Your instructions
Begin your copy at the line that holds "Naklejka umieszczana jest" and carry it through the final line of the data, writing out each line exactly and omitting pictures.

Dataset content
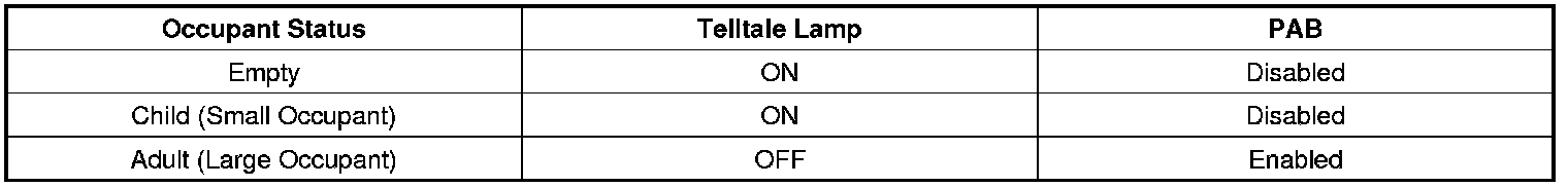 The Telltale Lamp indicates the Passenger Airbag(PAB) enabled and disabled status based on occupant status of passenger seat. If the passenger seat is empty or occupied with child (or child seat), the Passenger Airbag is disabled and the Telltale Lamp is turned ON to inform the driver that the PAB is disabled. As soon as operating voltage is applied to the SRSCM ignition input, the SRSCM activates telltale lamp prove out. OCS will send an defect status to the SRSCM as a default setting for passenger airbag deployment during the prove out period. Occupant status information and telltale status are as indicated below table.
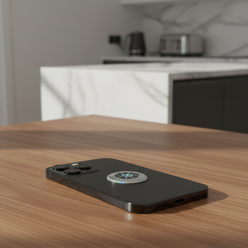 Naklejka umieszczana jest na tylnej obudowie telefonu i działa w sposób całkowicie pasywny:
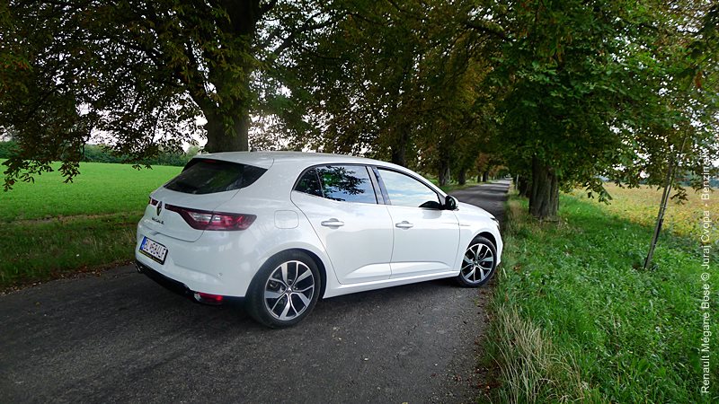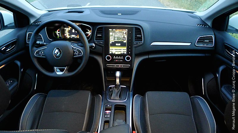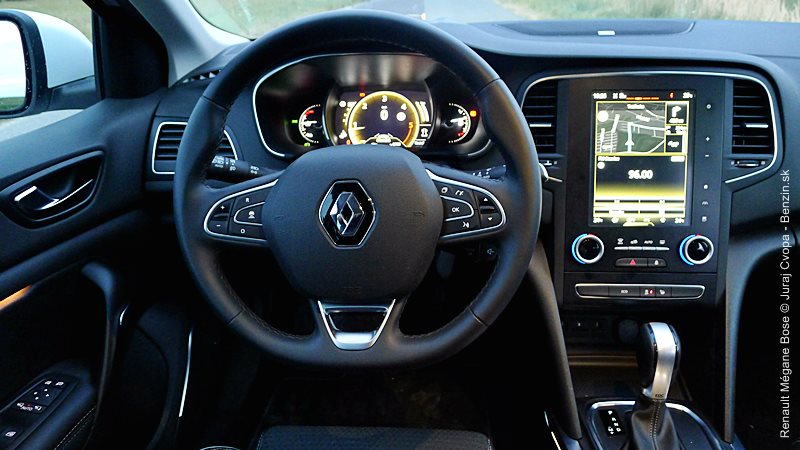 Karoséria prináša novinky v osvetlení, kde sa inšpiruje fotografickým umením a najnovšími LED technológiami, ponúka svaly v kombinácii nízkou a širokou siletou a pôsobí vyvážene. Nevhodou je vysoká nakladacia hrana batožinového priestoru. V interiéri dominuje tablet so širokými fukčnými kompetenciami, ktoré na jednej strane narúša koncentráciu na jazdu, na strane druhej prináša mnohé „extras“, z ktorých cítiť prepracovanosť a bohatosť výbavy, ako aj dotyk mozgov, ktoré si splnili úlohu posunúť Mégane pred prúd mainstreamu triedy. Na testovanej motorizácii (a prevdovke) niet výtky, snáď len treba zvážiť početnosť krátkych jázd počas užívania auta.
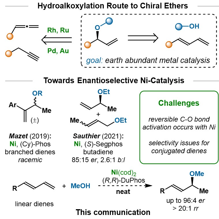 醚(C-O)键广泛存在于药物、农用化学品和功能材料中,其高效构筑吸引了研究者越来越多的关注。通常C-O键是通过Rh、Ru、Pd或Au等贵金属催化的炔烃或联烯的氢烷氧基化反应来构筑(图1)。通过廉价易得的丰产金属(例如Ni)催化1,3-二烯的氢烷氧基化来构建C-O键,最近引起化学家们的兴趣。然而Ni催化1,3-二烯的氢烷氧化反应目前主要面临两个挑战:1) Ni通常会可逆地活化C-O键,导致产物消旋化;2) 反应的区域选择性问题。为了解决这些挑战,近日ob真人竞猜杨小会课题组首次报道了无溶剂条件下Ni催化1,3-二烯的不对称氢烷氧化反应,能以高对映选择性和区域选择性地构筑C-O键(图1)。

Exercise result
 Naklejka umieszczana jest na tylnej obudowie telefonu i działa w sposób całkowicie pasywny:
 Karoséria prináša novinky v osvetlení, kde sa inšpiruje fotografickým umením a najnovšími LED technológiami, ponúka svaly v kombinácii nízkou a širokou siletou a pôsobí vyvážene. Nevhodou je vysoká nakladacia hrana batožinového priestoru. V interiéri dominuje tablet so širokými fukčnými kompetenciami, ktoré na jednej strane narúša koncentráciu na jazdu, na strane druhej prináša mnohé „extras“, z ktorých cítiť prepracovanosť a bohatosť výbavy, ako aj dotyk mozgov, ktoré si splnili úlohu posunúť Mégane pred prúd mainstreamu triedy. Na testovanej motorizácii (a prevdovke) niet výtky, snáď len treba zvážiť početnosť krátkych jázd počas užívania auta.
 醚(C-O)键广泛存在于药物、农用化学品和功能材料中,其高效构筑吸引了研究者越来越多的关注。通常C-O键是通过Rh、Ru、Pd或Au等贵金属催化的炔烃或联烯的氢烷氧基化反应来构筑(图1)。通过廉价易得的丰产金属(例如Ni)催化1,3-二烯的氢烷氧基化来构建C-O键,最近引起化学家们的兴趣。然而Ni催化1,3-二烯的氢烷氧化反应目前主要面临两个挑战:1) Ni通常会可逆地活化C-O键,导致产物消旋化;2) 反应的区域选择性问题。为了解决这些挑战,近日ob真人竞猜杨小会课题组首次报道了无溶剂条件下Ni催化1,3-二烯的不对称氢烷氧化反应,能以高对映选择性和区域选择性地构筑C-O键(图1)。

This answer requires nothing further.